JOIE CHEN, CNN ANCHOR: In Washington today, President Bush announced a new federal program today, one that was a foundation of his campaign: tax money for religious groups that help the needy. That is raising a host of questions about entangling state and religion.

CNN's John King joins us from the White House now -- John.

JOHN KING, CNN WHITE HOUSE CORRESPONDENT: Well, Joie, that's right, it was a signature issue of the Bush campaign, and it will now become one of the early fights of the Bush administration, already critics say this program violates the separation of church and state. They say that under no circumstances should federal money be given to religious institutions, whether they be church-based organizations, synagogues, mosques, but Mr. Bush making his case today, bringing here to the White House representatives of some 20 faith-based organizations. Mr. Bush saying that he believes these organizations and other nonprofit organizations not affiliated with religious institutions can do a much better job than the government of providing services like alcohol or drug counseling, like providing shelter to the homeless or food to hungry.

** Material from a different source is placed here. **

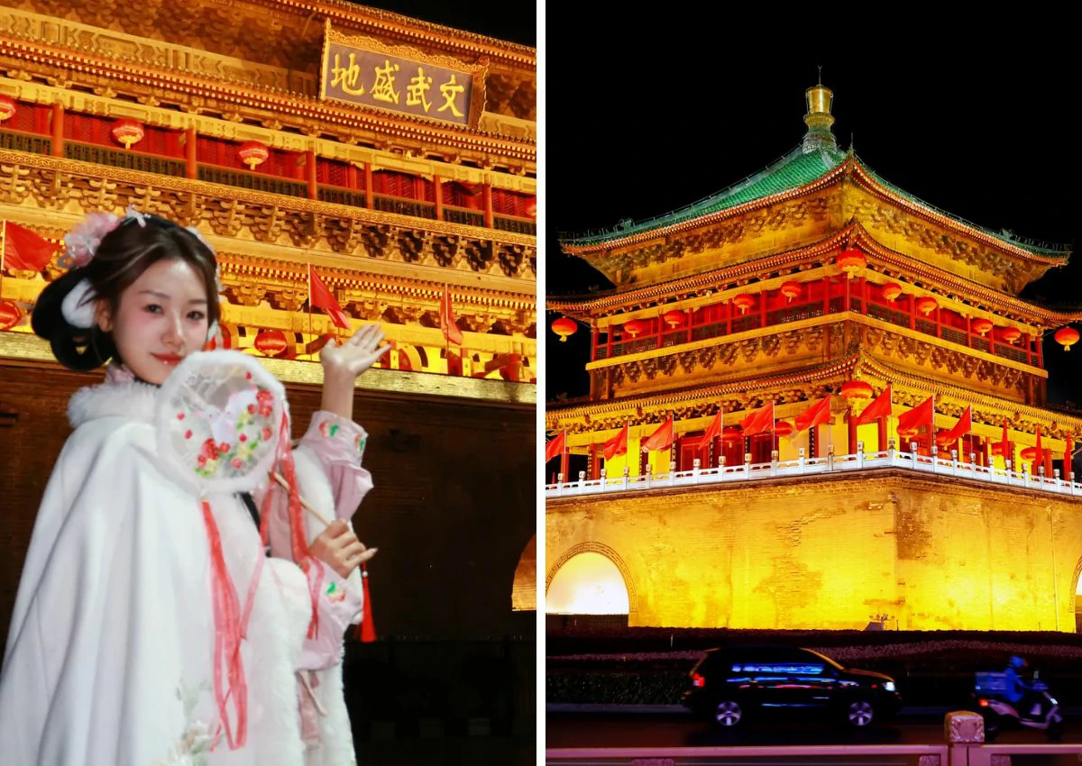 🚗:第一天 :出發--西安-(24小時免費接送機/站 時間到的早的 可以自行前往明城牆——永興坊 吃特色小吃——不夜城觀看演出)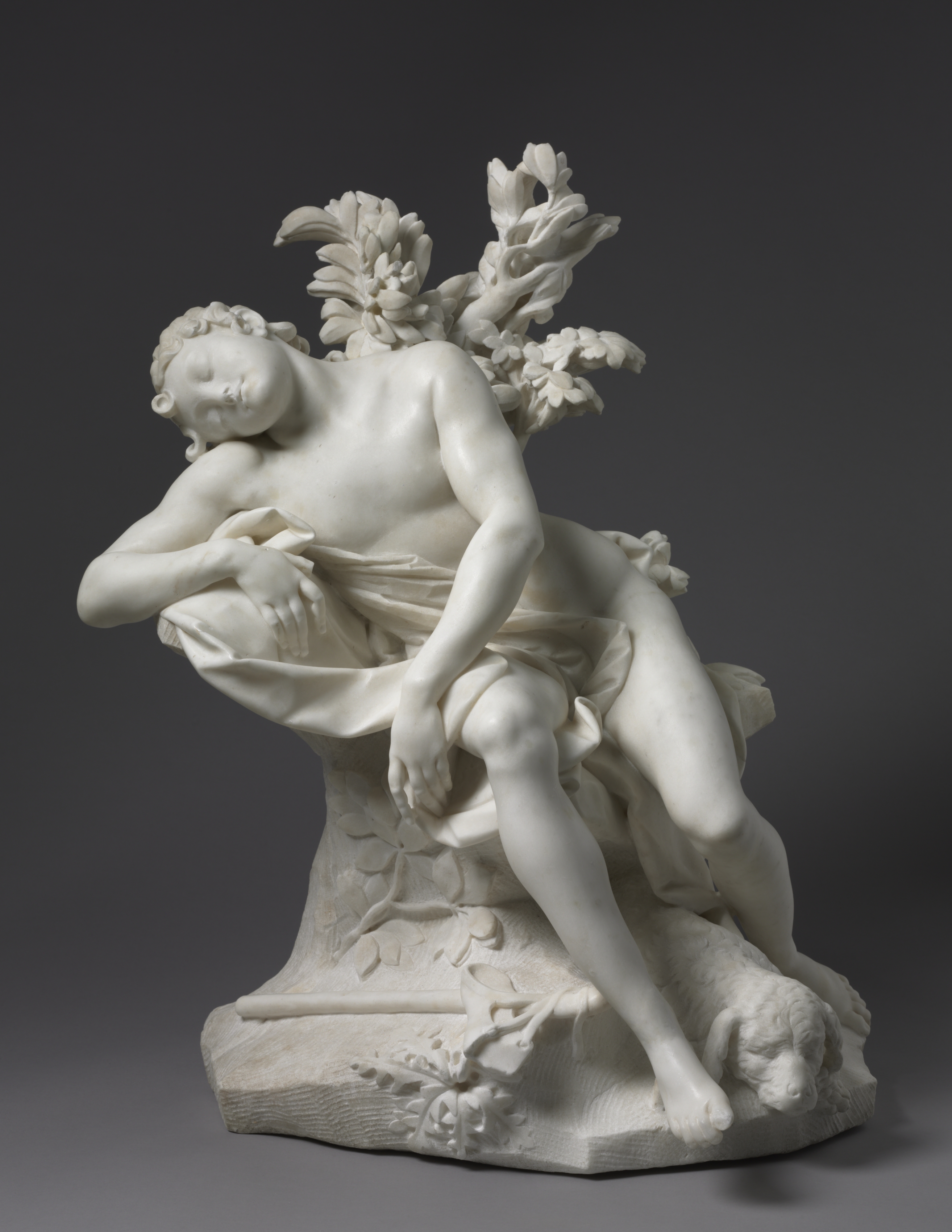 White marble sculpture of a young man reclining on a rock or tree stump, with his head resting on his left arm. He is shirtless and wearing a cloth wrapped around his waist. His left leg is bent at the knee and his right leg is extended. A small dog is positioned at the base of the sculpture, near his feet. The sculpture features leaves and flowers behind the young man. The background is dark gray. The sculpture depicts Sleeping Endymion by Agostino Cornacchini.

Mr. Bush making his case today, saying he will send up the details tomorrow to Congress -- during the campaign, he talked of about 24 billion over 10 years, some of that direct federal grants to agencies, others tax incentives to encourage giving to charitable, including faith-based, organizations, Mr. Bush making the case today that you can do this and still say -- and still stay, excuse me, on the other side of the line separating church and state.

(BEGIN VIDEO CLIP)

GEORGE W. BUSH, PRESIDENT OF THE UNITED STATES: Yet when we see social needs in America, my administration will look first at faith- based programs and community groups, which have proven their power to save and change lives. We will not fund the religious activities of any group, but when people of faith provide social services, we will not discriminate against them. As long as there are secular alternatives, faith-based charities should be able to compete for funding on equal basis and in a manner that does not cause them to sacrifice their mission.

(END VIDEO CLIP)

KING: Now, that announcement in keeping with the key Bush campaign promise. Of course, presidents also have to deal with surprises. Also on the agenda here at the White House today a meeting on energy issues, the president announcing he has put Vice President Cheney in charge of a new administration task force. The goals are these: one, take a short-term look at the California power crisis and the energy issues throughout the West, see if anything else can be done, although the administration's view is that California created this problem and that California is largely on own to fix it.

And we're told this commission will also take a longer view, Mr. Bush making the case today that supply outstripping demand right now and that the administration needs to take comprehensive look at U.S. energy policy. During the campaign, of course, Mr. Bush promised more domestic oil exploration -- also one controversial matter: some drilling in the Arctic National Wildlife Refuse -- Joie.